Collected data:
+--

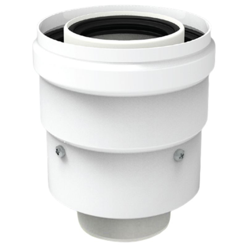 Vertikales Formstück für Heizkessel, aus PP und lackiertem Stahl, koaxial (Ø 60/Ø 100 mm).
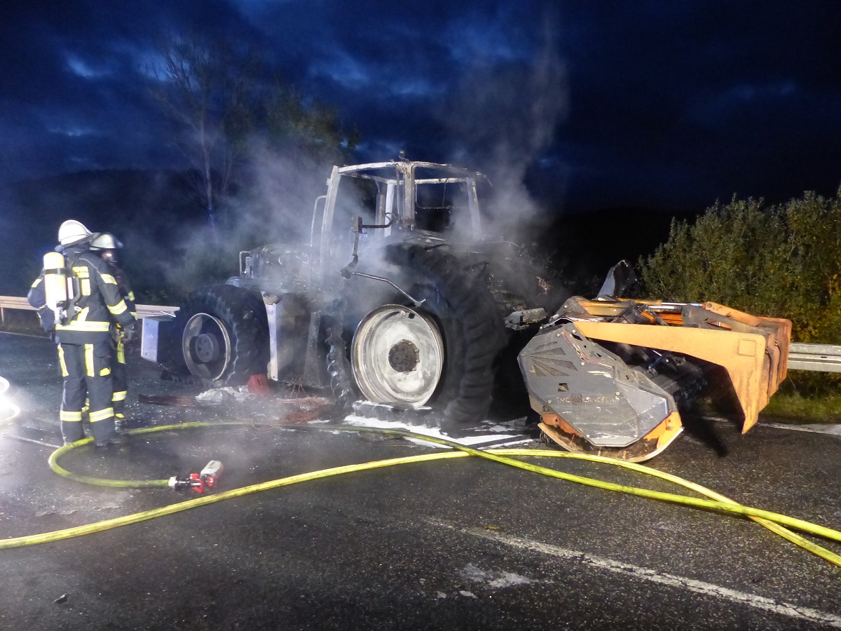 Bei Eintreffen der Einsatzkräfte an der Einsatzstelle stand das landwirtschaftliche Fahrzeug in Vollbrand. Unter Vornahme dreier C-Rohre gingen insgesamt drei Angriffstrupps zur Brandbekämpfung vor. Ebenso mussten auslaufender Dieselkraftstoff und Hydrauliköl aufgefangen und mit Ölbindemittel gebunden werden.
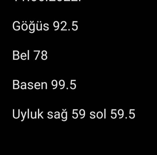 Ben spordan gelip pump olduğum için ölçemedim. Yarın ölçücemTamam canım ekleyecegim
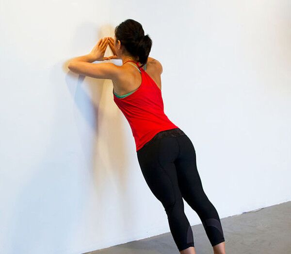 Yüzünüzü duvara dönün, ellerinizi duvara yaslayıp vücudunuzu, tüm gücünüzle 8-12 kez geriye itin.
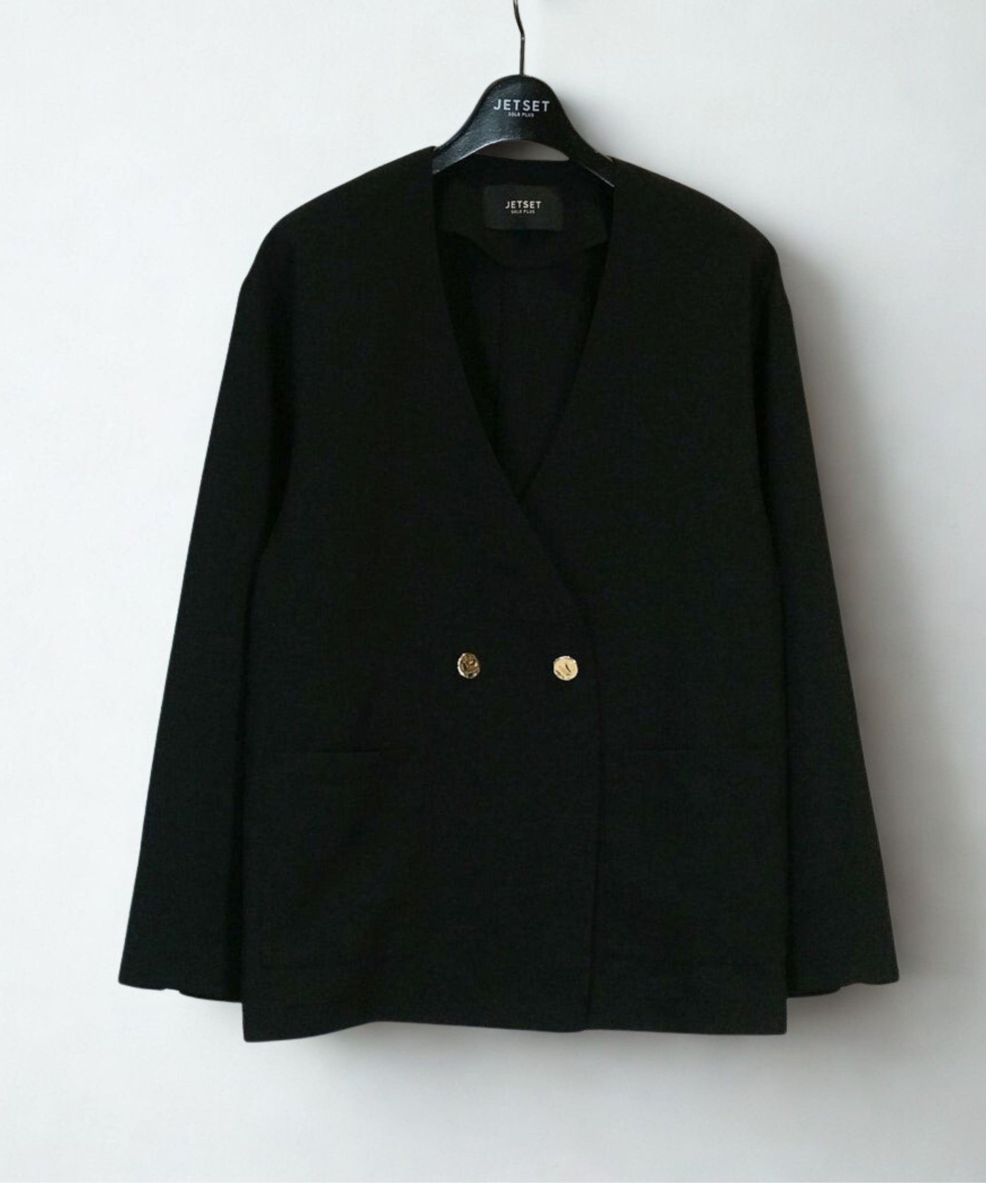 ダブル仕立てのデザインはきちんと感があり、メタリックボタンが女性らしい印象をプラス。
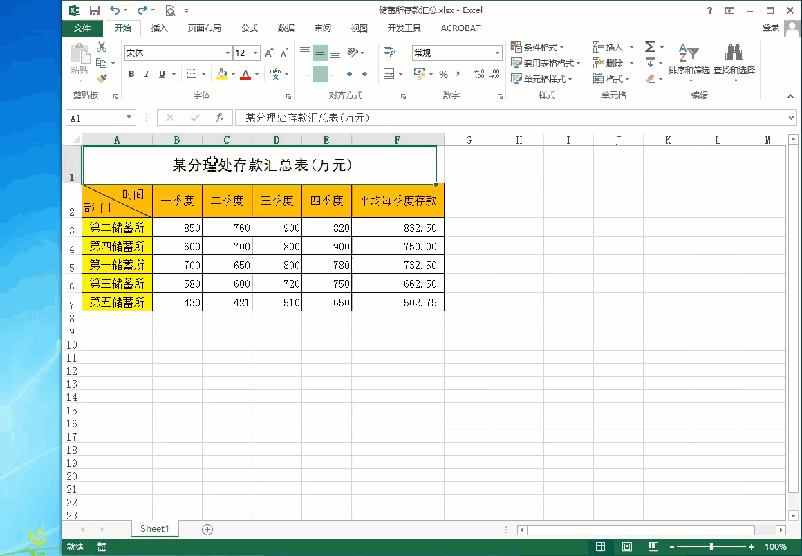 選中單元格區(qū)域A2:F7,在開始選項卡的編輯功能區(qū)中,左鍵點擊排序和篩選,在下拉菜單中左鍵點擊自定義排序。在排序?qū)υ捒蛑?,啟用?shù)據(jù)包含標題,將主要關(guān)鍵字設(shè)置為“平均每季度存款“,將次序設(shè)置為降序,左鍵單擊確定按鈕完成排序。

+--

Aim of the task :: Beginning with the line that contains "Ben spordan gelip" and ending with the last line of the data above, output those lines exactly and nothing more, without any pictures.

Exercise response ::
 Ben spordan gelip pump olduğum için ölçemedim. Yarın ölçücemTamam canım ekleyecegim
 Yüzünüzü duvara dönün, ellerinizi duvara yaslayıp vücudunuzu, tüm gücünüzle 8-12 kez geriye itin.
 ダブル仕立てのデザインはきちんと感があり、メタリックボタンが女性らしい印象をプラス。
 選中單元格區(qū)域A2:F7,在開始選項卡的編輯功能區(qū)中,左鍵點擊排序和篩選,在下拉菜單中左鍵點擊自定義排序。在排序?qū)υ捒蛑?,啟用?shù)據(jù)包含標題,將主要關(guān)鍵字設(shè)置為“平均每季度存款“,將次序設(shè)置為降序,左鍵單擊確定按鈕完成排序。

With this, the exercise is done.